[Information — start]
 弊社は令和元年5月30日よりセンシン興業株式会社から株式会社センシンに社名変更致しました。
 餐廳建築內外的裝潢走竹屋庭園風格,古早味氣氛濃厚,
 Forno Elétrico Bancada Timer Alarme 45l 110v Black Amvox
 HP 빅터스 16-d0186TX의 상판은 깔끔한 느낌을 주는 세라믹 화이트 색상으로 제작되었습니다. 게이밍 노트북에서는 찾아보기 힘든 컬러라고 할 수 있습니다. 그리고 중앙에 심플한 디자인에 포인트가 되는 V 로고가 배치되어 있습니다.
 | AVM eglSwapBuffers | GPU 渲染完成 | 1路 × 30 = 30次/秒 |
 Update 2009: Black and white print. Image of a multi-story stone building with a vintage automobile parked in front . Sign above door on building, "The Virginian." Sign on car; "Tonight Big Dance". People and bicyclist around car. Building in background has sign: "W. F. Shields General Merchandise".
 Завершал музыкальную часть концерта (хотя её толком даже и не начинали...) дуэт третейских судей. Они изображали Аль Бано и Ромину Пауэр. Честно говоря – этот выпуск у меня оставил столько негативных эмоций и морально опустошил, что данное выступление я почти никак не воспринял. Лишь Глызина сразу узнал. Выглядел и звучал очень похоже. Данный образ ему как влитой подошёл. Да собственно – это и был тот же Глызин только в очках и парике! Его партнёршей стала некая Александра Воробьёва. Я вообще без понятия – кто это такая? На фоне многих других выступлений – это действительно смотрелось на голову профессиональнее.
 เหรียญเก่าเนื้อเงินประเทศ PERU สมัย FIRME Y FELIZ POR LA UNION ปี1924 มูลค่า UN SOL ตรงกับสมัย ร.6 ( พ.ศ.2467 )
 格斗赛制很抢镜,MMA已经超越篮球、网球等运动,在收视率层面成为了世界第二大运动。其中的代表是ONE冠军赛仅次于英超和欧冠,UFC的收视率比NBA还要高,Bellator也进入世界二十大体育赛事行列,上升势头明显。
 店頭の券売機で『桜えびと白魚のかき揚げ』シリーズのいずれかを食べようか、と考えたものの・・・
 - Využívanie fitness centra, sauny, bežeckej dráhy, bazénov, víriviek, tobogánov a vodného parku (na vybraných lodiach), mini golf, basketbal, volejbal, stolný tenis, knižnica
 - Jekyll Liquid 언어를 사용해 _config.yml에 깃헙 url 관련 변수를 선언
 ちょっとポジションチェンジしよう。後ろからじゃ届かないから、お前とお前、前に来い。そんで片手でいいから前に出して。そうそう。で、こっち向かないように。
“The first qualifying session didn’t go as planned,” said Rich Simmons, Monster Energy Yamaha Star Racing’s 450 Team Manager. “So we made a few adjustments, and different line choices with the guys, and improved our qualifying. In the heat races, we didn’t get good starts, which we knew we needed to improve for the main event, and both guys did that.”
[Information — finish]
**Action item**
Set down, from the entries above, exactly the lines from the one with "店頭の券売機で『桜えびと白魚" up to and including the one with "ちょっとポジションチェンジし", and no other lines.

**Reply to the exercise**
 店頭の券売機で『桜えびと白魚のかき揚げ』シリーズのいずれかを食べようか、と考えたものの・・・
 - Využívanie fitness centra, sauny, bežeckej dráhy, bazénov, víriviek, tobogánov a vodného parku (na vybraných lodiach), mini golf, basketbal, volejbal, stolný tenis, knižnica
 - Jekyll Liquid 언어를 사용해 _config.yml에 깃헙 url 관련 변수를 선언
 ちょっとポジションチェンジしよう。後ろからじゃ届かないから、お前とお前、前に来い。そんで片手でいいから前に出して。そうそう。で、こっち向かないように。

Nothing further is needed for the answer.